The Contract System

Worldbuilding Belt Wars

Overview

The Contract System is the socio-economic model that governs labor in the asteroid belt. It is a form of debt bondage designed by corporations like the Terran Resource Consortium to ensure a stable, low-cost, and compliant workforce. While presented on Earth as a fair exchange of labor for opportunity, in practice it is a trap that ensnares workers for decades, often for life.

How It Works

A worker on Earth signs a contract, typically for five years. In exchange for their labor, the company agrees to provide transport to the belt, housing, food, equipment, and medical care.

The cost of all these services is charged against the worker’s salary. Transport to the belt alone incurs a massive upfront debt. Interest accrues. Company-owned stores, mess halls, and clinics charge inflated prices, ensuring that a worker’s wages are just barely enough to cover living expenses.
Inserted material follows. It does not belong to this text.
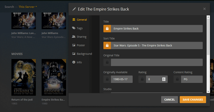 If you are having trouble seeing what movie is what, you can change the title to help you. Just make sure you leave the sort title in tact and everything will still be in order and searchable. Since you showed Star Wars, here’s how you can make that look.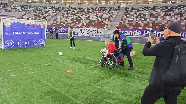 本学では東京23区から初のJリーグ昇格を目指すJFLのクリアソン新宿と包括連携協定を締結し、誰もがサッカーを楽しめる環境づくりや地域活動、選手たちのトレーニングのサポートなどを実施しています。 今回、11月11日に国立競技場で開催された明治安田「サッカーの日」マッチ(クリアソン新宿 対 アトレチコ鈴鹿)において、本学の高度作業療法学科/作業療法学科の加藤駿一教官が、作業療法士として新宿区障害者福祉協会と共に車いす利用者の観戦をサポートしました。

Any shortfall in paying off the initial debt plus accrued expenses by the end of the five-year term is automatically added as a contract extension. Medical emergencies are the most common cause of catastrophic debt and indefinite extensions. A broken arm can mean another five years in the belt.

Worker Rights

Contract workers have limited legal rights. They are subject to corporate law within TRC territory. Their communications are monitored, their movements restricted, and attempts at labor organizing are grounds for immediate termination and deportation – which the worker must pay for, adding to their debt.

Belt-Born

Children born to contract workers in the belt inherit their parents’ debt and legal status. They are born into the system with no Earth citizenship and no legal way out. This creates a permanent, hereditary underclass.

History

The system was developed in the early days of belt expansion, modeled on historical examples of company towns and indentured labor, then refined for the unique environment of space. The key innovation was to control not just the workplace but the entire living environment, making the company the sole provider of everything needed for survival. This created a closed loop from which escape is nearly impossible.

The system evolved from legitimate labor practices in the 2120s-2130s. Early contracts were exploitative but escapable. Corporate lawyers refined the terms through the 2140s-2150s, adding fees, extending terms, and closing loopholes. The strikes of the 2160s challenged the system; their failure allowed further consolidation.

Current State

By 2180, the average “five-year” contract has extended to seven years, and many workers have been in the belt for fifteen years or more. The system is deeply entrenched and accepted by most as an unchangeable fact of life.